--- Supplied material ---
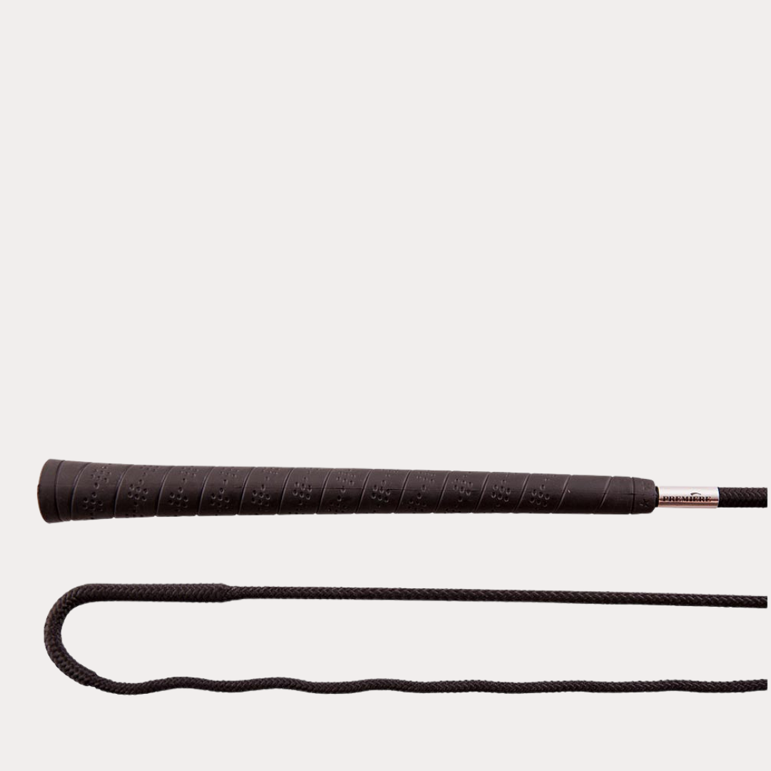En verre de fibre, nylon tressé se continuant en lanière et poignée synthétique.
==
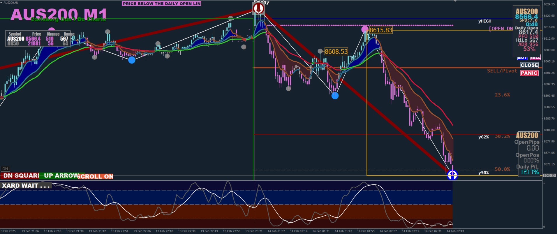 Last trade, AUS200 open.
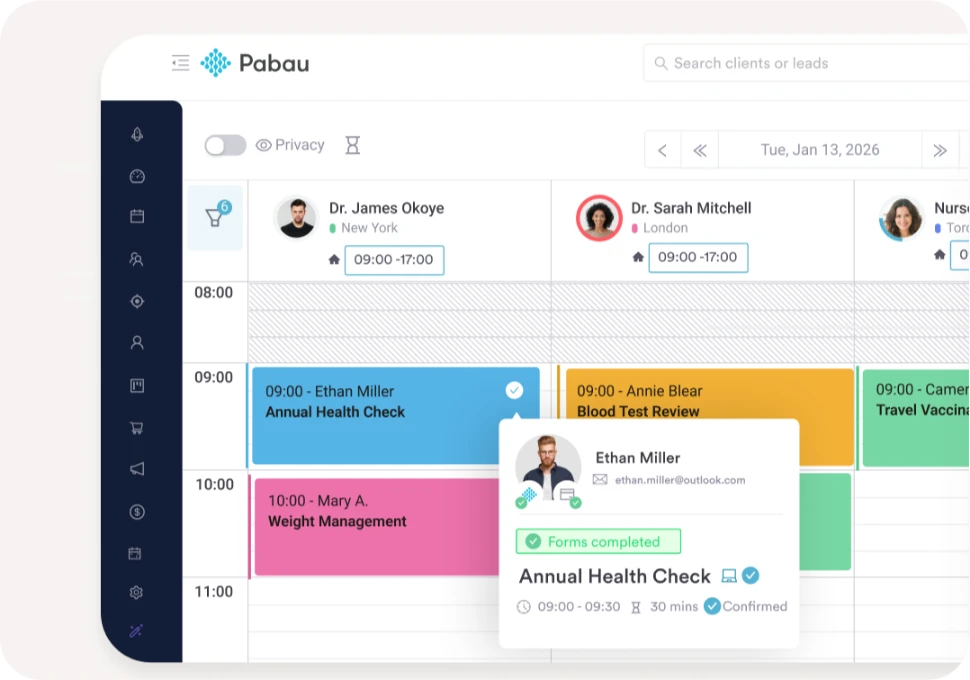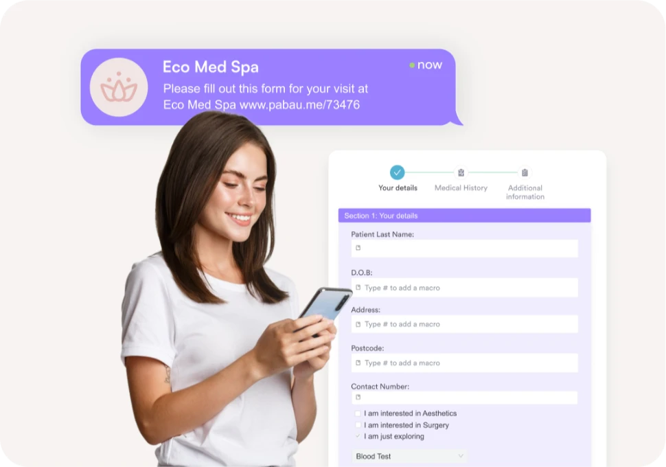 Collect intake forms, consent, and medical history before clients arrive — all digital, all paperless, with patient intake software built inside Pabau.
...
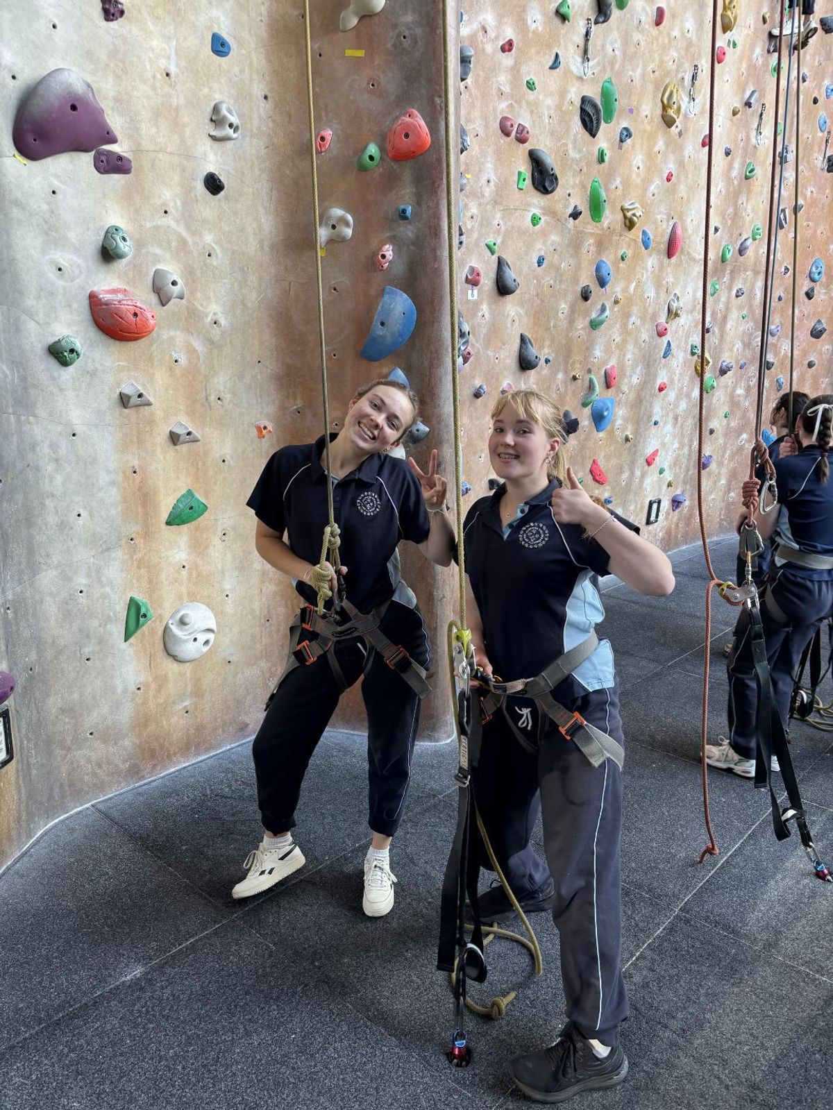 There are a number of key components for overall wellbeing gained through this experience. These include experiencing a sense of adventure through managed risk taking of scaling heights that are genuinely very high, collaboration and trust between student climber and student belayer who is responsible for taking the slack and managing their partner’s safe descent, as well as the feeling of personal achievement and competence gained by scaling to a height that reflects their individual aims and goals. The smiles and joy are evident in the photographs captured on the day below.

--- Exercise prompt ---
The line holding "Last trade, AUS200 open." starts the copy and the line holding "Collect intake forms, consent, and" ends it. Repeat those two lines above and all between them exactly, leaving out pictures.

--- Exercise output ---
 Last trade, AUS200 open.
 Collect intake forms, consent, and medical history before clients arrive — all digital, all paperless, with patient intake software built inside Pabau.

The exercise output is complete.